Study explores biological implications of MHC-II expression in tumor cells

REPORTING FROM THE CLINICAL IMMUNO-ONCOLOGY SYMPOSIUM
FCRL6
“[FCRL6] actually has an [immunoreceptor tyrosine-based inhibitory motif] domain in the intracellular portion of the human ortholog, which suggests that it could have some inhibitory function,” Dr. Balko said, adding that it has been shown to be expressed in a substantial proportion of natural killer cells and CD8 cells, and in a minor fraction of CD4+ T cells, which have been described as “cytotoxic CD4 cells.”
An immortalized FCRL6-negative natural killer cell line know as NK-92 was used to test for inhibitory function.

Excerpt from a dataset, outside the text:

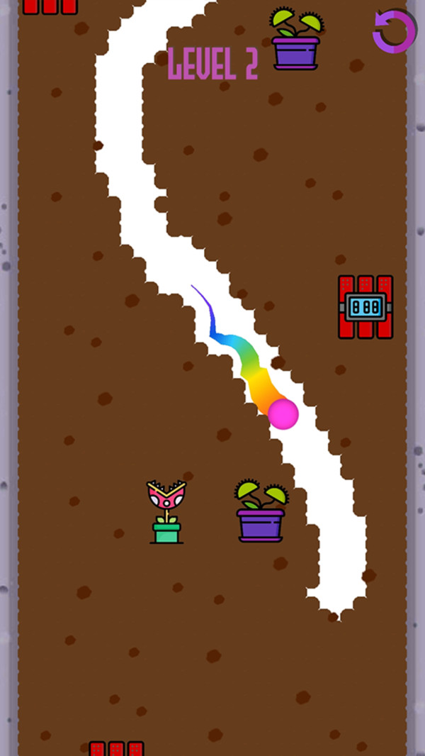 3、在你挖掘小球的同时可能会碰到各种的障碍物挑战,避开他们。障碍物的种类非常多样,除了静态的炸弹和植物外,还有移动的陷阱和突然出现的障碍。你需要时刻保持警惕,灵活应对各种突发情况。

“We co-cultured it with K562 cells, which are a leukemia cell line that is both class I and class II negative; because they have a missing-self signal, the natural killer cells will naturally lyse the K562 cells, which can be measured by chromium release,” he explained.
When MHC-II was reconstituted on K562 cells, the natural killer cells still had effective lysis of the K562 cells, but when FCRL6 was also transduced on the natural killer cells, this interaction was stopped, and there was suppression of cytotoxic activity, or chromium release, in the co-cultures, suggesting that FCRL6 may have a checkpoint-like functionality, he said.
In the melanoma dataset, a look at FLCR6 mRNA in the tumor microenvironment showed that it was also much more highly expressed in HLA-DR–positive tumors and in the relapsed specimens.
In the tumors with paired specimens (three of which were MHC-II positive and three of which were MHC-II negative), IHC for FCRL6 identified greater enrichment of lymphocytes in the MHC-II–positive tumors, but the difference was not statistically significant.
In the breast cancer samples, where more LAG-3 and FCRL6 was seen in the triple-negative breast tumors, quantitative immunofluorescence showed that FCRL6-postive lymphocytes and LAG-3-positive lymphocytes had a substantial suppression of CD8-sel-positive granzyme B-positive cells within the microenvironment that was more substantial than that observed with PD-L1 expression, he noted.
“So our conclusions are that MHC-II tumors demonstrate enhanced T cell-mediated inflammation and immunity and anti-tumor immunity is circumvented through adaptive resistance by PD-1 and potentially LAG-3/MHC-II engagement in some tumors, and that ... FCRL6 may be a novel MHC-II receptor with inhibitory functionality, and could be a new immunotherapy target,” he said.
MHC-II expression could be useful for stratifying patients to combined anti-PD-1/anti-LAG-3 therapy, and eventually to combined anti-PD-1/anti-FCRL6 therapy, he added.
Combined anti-PD-1 and anti-LAG-3 therapy
The findings are of particular interest given recent findings regarding LAG-3 antibodies in development, said invited discussant Antoni Ribas, MD.
In a study reported by Ascierto et al. at ASCO 2017, for example, combined anti-PD-1 and anti-LAG-3 therapy had a 13% overall response rate in metastatic melanoma patients who progressed on anti-PD-1 therapy alone (20% and 7.1% in those with and without LAG-3 expression, respectively), said Dr. Ribas of the University of California, Los Angeles.
The 20% response rate seen in those with LAG-3 expression suggests “there could be a biomarker for this combined therapy,” he said, noting that while the overall response rate of 13% is low, “it is relevant because it is rescuing some patients who progressed on therapy, and it follows Dr. Balko’s science of why that would be the case.”
Dr. Balko has received research funding from Incyte, and holds a patent on use of HLA-DR/MHC expression to predict response to immunotherapies. Dr. Ribas owns stock in Advaxis, Arcus Ventures, Compugen, CytomX Therapeutics, Five Prime Therapeutics, FLX Bio, and Kite Pharma, and has served as a consultant or adviser for Amgen, Genentech/Roche, Merck, Novartis, and Pierre Fabre.